A deep contraction bellowed through my body. My core began to swell, pulsing underneath the tension of skin. My jaw unhinged and I began to wail. Maybe a mile or two had passed before my heart became aroused, deluding my mind, and my eyes seemed to deceive me. I pulled over. We exchanged shallow breaths, figuring each other out through the black holes of our eyes in a way that felt unpleasantly familiar. Someone’s rounded, flattened nose and wirey coils of black hair. Someone’s baby girl with curried skin. Someone’s baby. Do you remember me this way, Mama? Do you remember me as your baby?

Somewhere, in my throat, I began to feel trapped. Instinctively, I reached to hold her. To, finally, be eye-to-eye with what I was, what I did not have, what I had to fight for. Then, to feel her heart rapping against mine like a soft dedication to living, a query on how to love and be loved again.

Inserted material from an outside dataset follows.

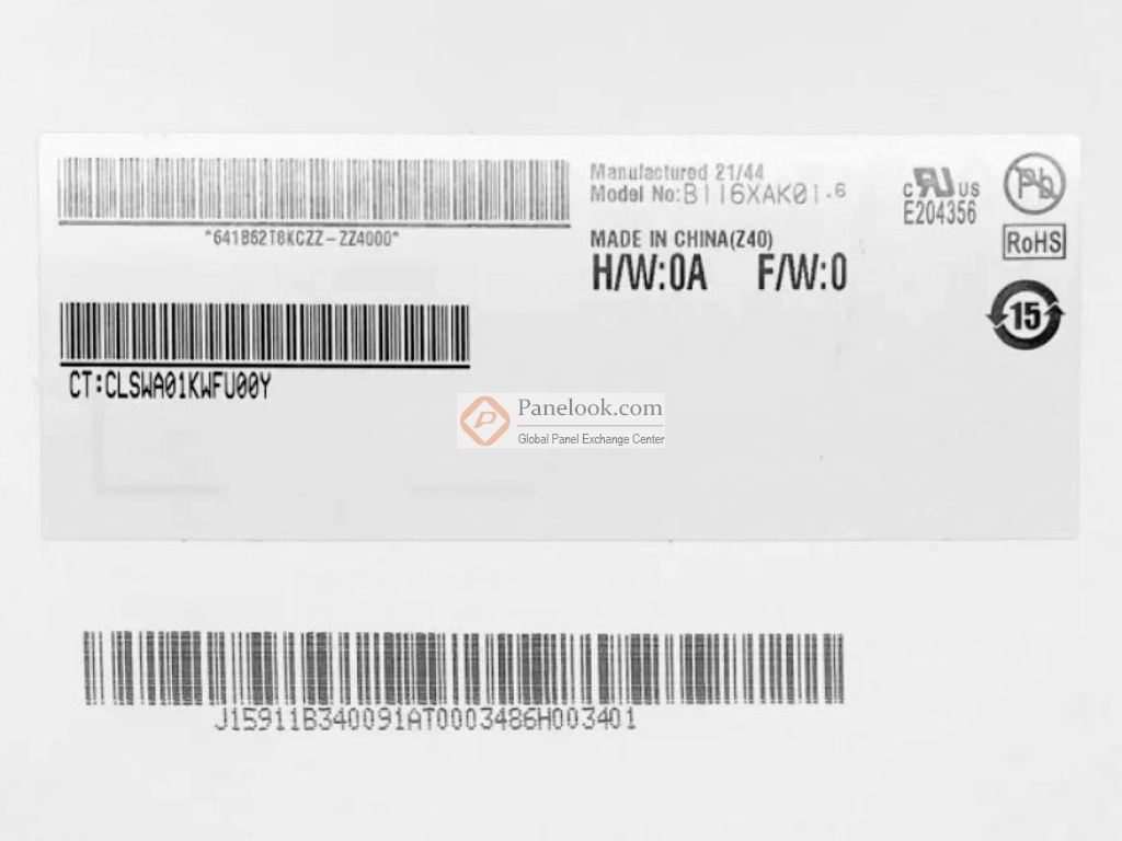 B116XAK01.6 (产品代码: AUO1EA5)是友达 (AUO)推出的一款11.6吋a-Si TFT-LCD液晶模组产品,它装配有WLED背光,含LED驱动背光驱动,On-Cell Touch。此产品工作温度为 0 ~ 60°C,存储温度为 -20 ~ 60°C,耐振动性为1.5G (14.7 m/s²)。它的典型特征屏库总结为: 带触摸屏,白光LED背光,含LED驱动器,端子倒装,表面雾面, eDP1.2。基于它的特征屏库推荐此型号应用于笔记本等产品。根据屏库掌握的情报此产品于2022年Q3量产,当前生产状态为已停产。目前此型号在屏库上有0条现货信息、0家供应商信息,交易氛围清淡。屏库于2024年09月18日对此型号首次建立参数,并于2025年04月08日对参数进行了最后更新。根据友达 (AUO)于2022年5月23日发布的版本号为HW1A_Ver1.0的产品规格书,B116XAK01.6显示分辨率为1366(RGB)×768 (WXGA),宽高比为16:9 (宽:高),像素采用RGB垂直条状排列。它的显示区域尺寸为256.125(宽)×144(高) mm,外观尺寸为278(宽)×168.02(高)×3.2(厚) mm,表面处理为雾面,Hard coating (3H),产品净重200g (Max.)外观样式为薄屏 (PCBA平直, 厚度≤3.2mm)。背光方面此产品采用了WLED发光的侧入式光源,光源的使用寿命为15K小时,含LED驱动。B116XAK01.6采用了eDP (1 Lane)信号接口,总共40 pins,采用端子连接,驱屏电压为3.3V (Typ.)。它的典型垂直刷新率Fv为60Hz。屏库上标注的生产状态仅供参考,不应作为用户的决策依据。屏库®上所显示的面板参数均由屏库电子工程师依据规格书录入,已尽力减少错误,但不能保证参数的完全正确。请以规格书为准!如果开发新产品想采用此液晶模组,关于B116XAK01.6的最新的生产状态信息和技术信息,屏库®建议您咨询友达 (AUO)。

When I look into her eyes now, I find my stillness. Someone’s baby. No longer me, but mine. I wanted to be like her forever. She was everything in me, and yet, amorphous- yet to be defined. Her eyes were a mirror: pure and honest. Not yet tainted by suffering or grief. Her arms reached towards me, trusting me to give her what she needed–what we both needed. Her familiar face was like an old friend, while still holding the novelty of meeting the most beautiful stranger, washed clean with a love like ivory soap.